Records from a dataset
-- Opening Marker --

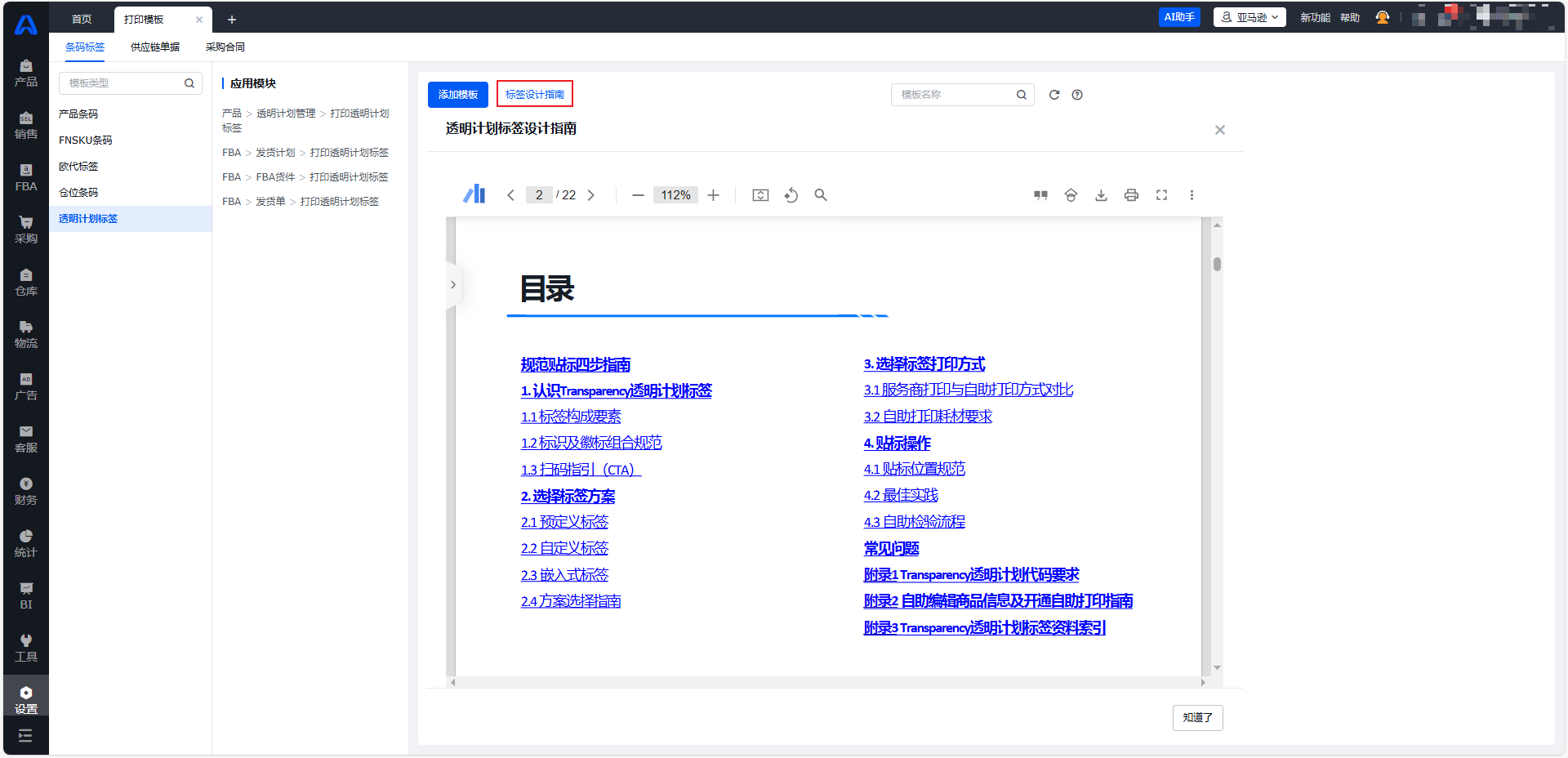 Transparency 透明计划标签设计&贴标指南:点击【设置-打印模板-透明计划标签-标签设计指南】,可预览和下载指南。请您按照规范设计标签和贴标。
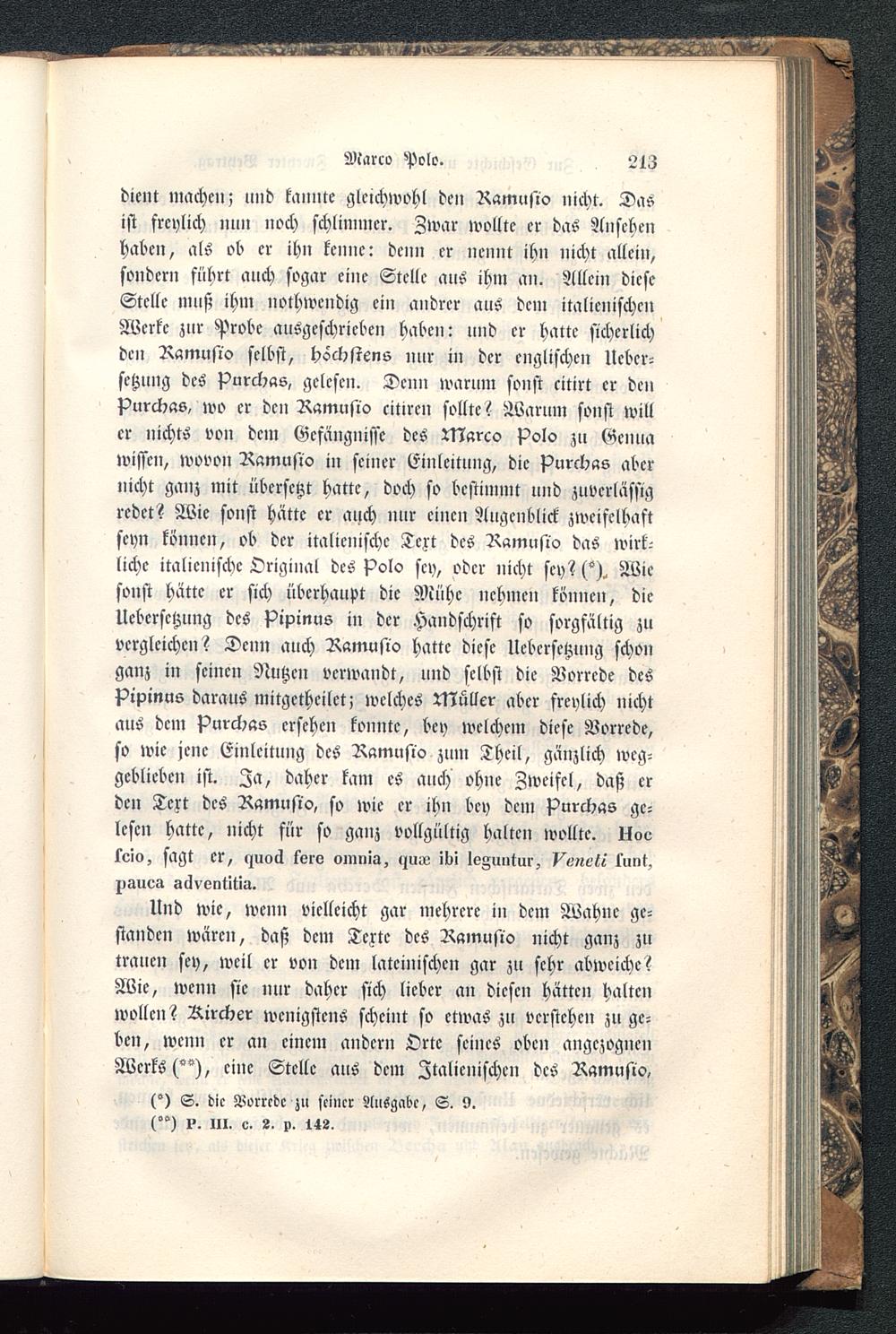 dient machen; und kannte gleichwohl den Ramusio nicht. Dasist freylich mm noch schlimmer. Zwar wollte er das Ansehenhaben, als ob er ihn kenne: denn er nennt ihn nicht allein,sondern führt auch sogar eine Stelle aus ihm an. Allein dieseStelle muß ihm nothwendig ein andrer aus dem italienischenWerke zur Probe ausgeschrieben haben: und er hatte sicherlichden Ramusio selbst, höchstens nur in der englischen Ucbcr-sctzung des Purchas, gelesen. Denn warum sonst citirt er denPurchas, wo er den Ramusio citiren sollte? Warum sonst willer nichts von dem Gefängnisse des Marco Polo zu Genua wissen, wovon Ramusio in seiner Einleitung, die Purchas abernicht ganz mit übersetzt hatte, doch so bestimmt und zuverlässigredet? Wie sonst hätte er auch nur einen Augenblick zweifelhaftseyn können, ob der italienische Text des Ramusio das wirk-liche italienische Original des Polo sey, oder nicht sey? (")^ Wiesonst hätte er sich überhaupt die Mühe nehmen können, dieUcbcrsctzung des Pipinus in der Handschrift so sorgfältig zuvergleichen? Denn auch Ramusio hatte diese Uebcrsctzung schonganz in seinen Nutzen verwandt, und selbst die Vorrede desPipinus daraus mitgetheilet; welches Mullcr aber freylich nichtaus dem Purchas ersehen konnte, bey welchem diese Vorrede,so wie jene Einleitung des Ramusio zum Theil, gänzlich weg-geblieben ist. Za, daher kam es auch ohne Zweifel, daß erden Text des Ramusio, so wie er ihn bey dem Purchas ge-lesen hatte, nicht für so ganz vollgültig halten wollte. Uo<-teio, sagt er, kjuoä terv omma, WM ibi leZuiitur, ^««c^t 1'unt,pimca sclvont'itia.
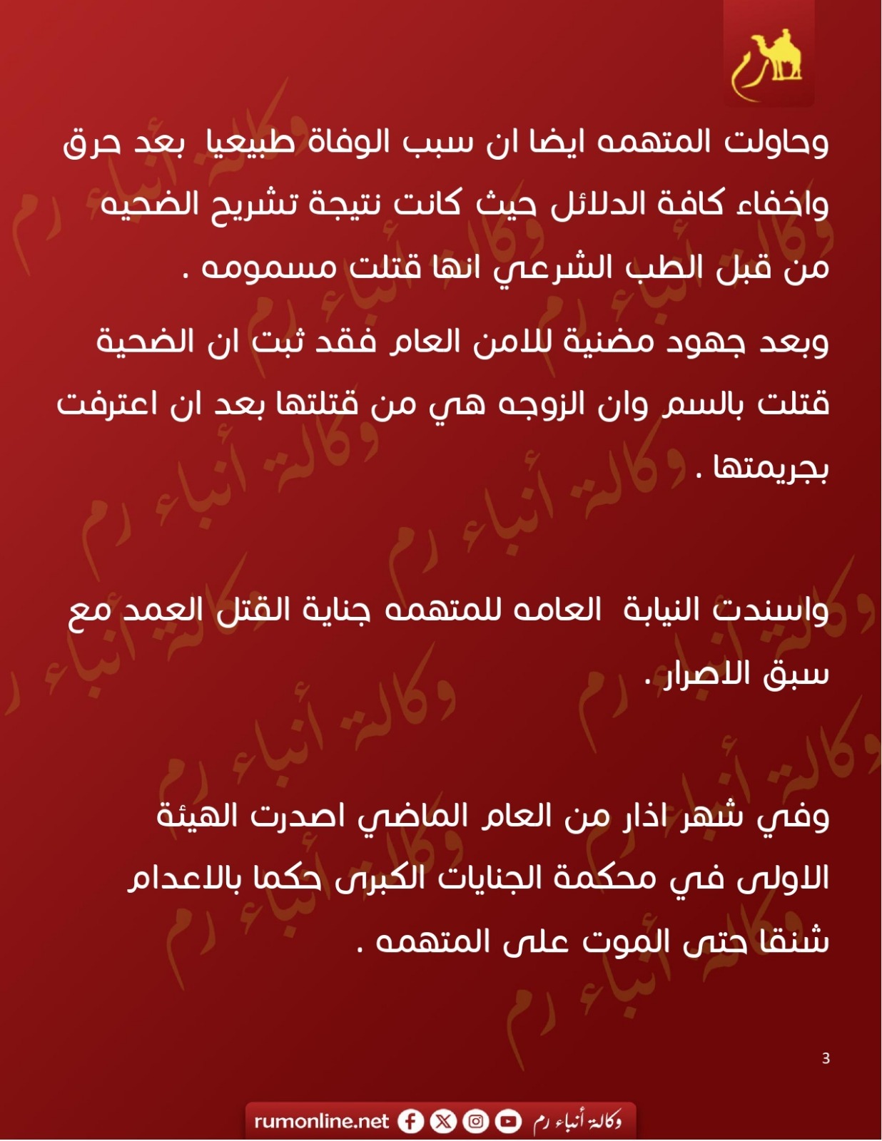 التمييز تؤيد قرار الاعدام بحق زوجة قتلت ابنة زوجها بالسم "رم" تنشر التفاصيل
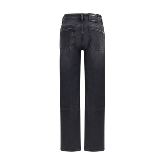 7FOR Black Cotton Straight-Leg Jeans
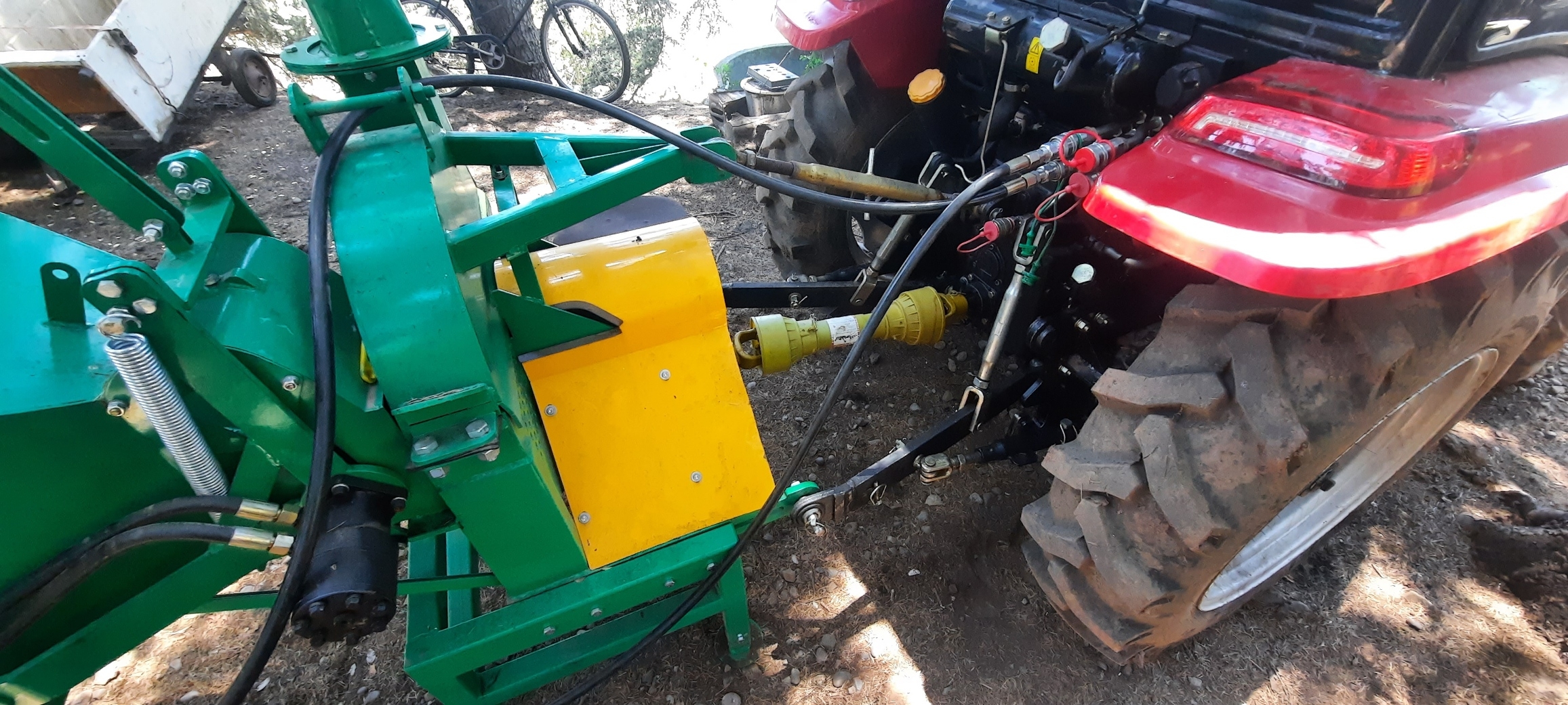 I suspect your feeder drum is powered by a reversible motor, so your spool valve has 3 positions. It should be marked with the IN and OUT (Tank) ports. You want to make sure your AUX supplies fluid to the IN, and the tank fitting returns via the other work port on you AUX valve.I don't know what that connector close to the pto shaft does.
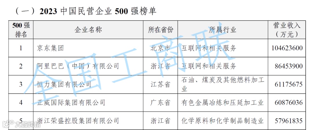 2023年9月12日,全国工商联发布“2023中国民营企业500强”榜单和《2023中国民营企业500强调研分析报告》。京东集团、阿里巴巴、恒力集团位居榜单前三位。
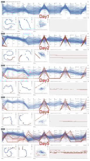 Figure 6 shows a series of visualizations of network traffic events on different days with sixteen DWT features. Since all the detailed analysis views appear on the same page of a web browser, the user can conduct a comparative analysis by evaluating multiple visual representations simultaneously. As discussed above, the CICIDS2017 dataset was created by embedding different daily attack scenarios. When analyzing the raw features data, it was difficult to see the unique differences between normal and abnormal. However, with the DWT features, distinctive patterns were observed. Since there was no abnormal (i.e., attack) activity embedded in Day-1, abnormal activity was not visible in the visualization. However, the abnormal activities on Days 2∼5 show apparent differences compared to the normal activities. In detail, there were high similarities among the abnormal activities on Days 2∼4. However, the activities on Day-5 were completely different. Based on the data description of the CICIDS2017 dataset, we found that three attack scenarios were embedded on Day-5. They are Botnet using ARES (A Command aNd Control server), port scan, and DDoS attack using LOIT (Low Orbit Ion Cannon). Since these attack scenarios were not included in other days, distinctive patterns were observed. We also found similar visual representations when analyzing network patterns that appeared on Day-3 and Day-4, even if different attack scenarios were embedded on these days. We could not locate a major reason causing this result. However, identifying the main cause of this could be vital for elevating our ability to understand network traffic data. Thus, a further study should be performed. When evaluating the scatter plots generated with t-SNE and UMAP (the 1st and 2nd views), we could not identify significant differences between normal and abnormal. However, we found almost complete separation between normal and abnormal when evaluating PCA results on Days 2∼4. The PCA projection on Day-5 indicates a high similarity between normal and abnormal. This would be because port scan activities generated similar network traffic patterns compared to normal network events.

-- Closing Marker --

Set down each entry above exactly as it appears. Omit the pictures.

 Transparency 透明计划标签设计&贴标指南:点击【设置-打印模板-透明计划标签-标签设计指南】,可预览和下载指南。请您按照规范设计标签和贴标。
 dient machen; und kannte gleichwohl den Ramusio nicht. Dasist freylich mm noch schlimmer. Zwar wollte er das Ansehenhaben, als ob er ihn kenne: denn er nennt ihn nicht allein,sondern führt auch sogar eine Stelle aus ihm an. Allein dieseStelle muß ihm nothwendig ein andrer aus dem italienischenWerke zur Probe ausgeschrieben haben: und er hatte sicherlichden Ramusio selbst, höchstens nur in der englischen Ucbcr-sctzung des Purchas, gelesen. Denn warum sonst citirt er denPurchas, wo er den Ramusio citiren sollte? Warum sonst willer nichts von dem Gefängnisse des Marco Polo zu Genua wissen, wovon Ramusio in seiner Einleitung, die Purchas abernicht ganz mit übersetzt hatte, doch so bestimmt und zuverlässigredet? Wie sonst hätte er auch nur einen Augenblick zweifelhaftseyn können, ob der italienische Text des Ramusio das wirk-liche italienische Original des Polo sey, oder nicht sey? (")^ Wiesonst hätte er sich überhaupt die Mühe nehmen können, dieUcbcrsctzung des Pipinus in der Handschrift so sorgfältig zuvergleichen? Denn auch Ramusio hatte diese Uebcrsctzung schonganz in seinen Nutzen verwandt, und selbst die Vorrede desPipinus daraus mitgetheilet; welches Mullcr aber freylich nichtaus dem Purchas ersehen konnte, bey welchem diese Vorrede,so wie jene Einleitung des Ramusio zum Theil, gänzlich weg-geblieben ist. Za, daher kam es auch ohne Zweifel, daß erden Text des Ramusio, so wie er ihn bey dem Purchas ge-lesen hatte, nicht für so ganz vollgültig halten wollte. Uo<-teio, sagt er, kjuoä terv omma, WM ibi leZuiitur, ^««c^t 1'unt,pimca sclvont'itia.
 التمييز تؤيد قرار الاعدام بحق زوجة قتلت ابنة زوجها بالسم "رم" تنشر التفاصيل
 7FOR Black Cotton Straight-Leg Jeans
 I suspect your feeder drum is powered by a reversible motor, so your spool valve has 3 positions. It should be marked with the IN and OUT (Tank) ports. You want to make sure your AUX supplies fluid to the IN, and the tank fitting returns via the other work port on you AUX valve.I don't know what that connector close to the pto shaft does.
 2023年9月12日,全国工商联发布“2023中国民营企业500强”榜单和《2023中国民营企业500强调研分析报告》。京东集团、阿里巴巴、恒力集团位居榜单前三位。
 Figure 6 shows a series of visualizations of network traffic events on different days with sixteen DWT features. Since all the detailed analysis views appear on the same page of a web browser, the user can conduct a comparative analysis by evaluating multiple visual representations simultaneously. As discussed above, the CICIDS2017 dataset was created by embedding different daily attack scenarios. When analyzing the raw features data, it was difficult to see the unique differences between normal and abnormal. However, with the DWT features, distinctive patterns were observed. Since there was no abnormal (i.e., attack) activity embedded in Day-1, abnormal activity was not visible in the visualization. However, the abnormal activities on Days 2∼5 show apparent differences compared to the normal activities. In detail, there were high similarities among the abnormal activities on Days 2∼4. However, the activities on Day-5 were completely different. Based on the data description of the CICIDS2017 dataset, we found that three attack scenarios were embedded on Day-5. They are Botnet using ARES (A Command aNd Control server), port scan, and DDoS attack using LOIT (Low Orbit Ion Cannon). Since these attack scenarios were not included in other days, distinctive patterns were observed. We also found similar visual representations when analyzing network patterns that appeared on Day-3 and Day-4, even if different attack scenarios were embedded on these days. We could not locate a major reason causing this result. However, identifying the main cause of this could be vital for elevating our ability to understand network traffic data. Thus, a further study should be performed. When evaluating the scatter plots generated with t-SNE and UMAP (the 1st and 2nd views), we could not identify significant differences between normal and abnormal. However, we found almost complete separation between normal and abnormal when evaluating PCA results on Days 2∼4. The PCA projection on Day-5 indicates a high similarity between normal and abnormal. This would be because port scan activities generated similar network traffic patterns compared to normal network events.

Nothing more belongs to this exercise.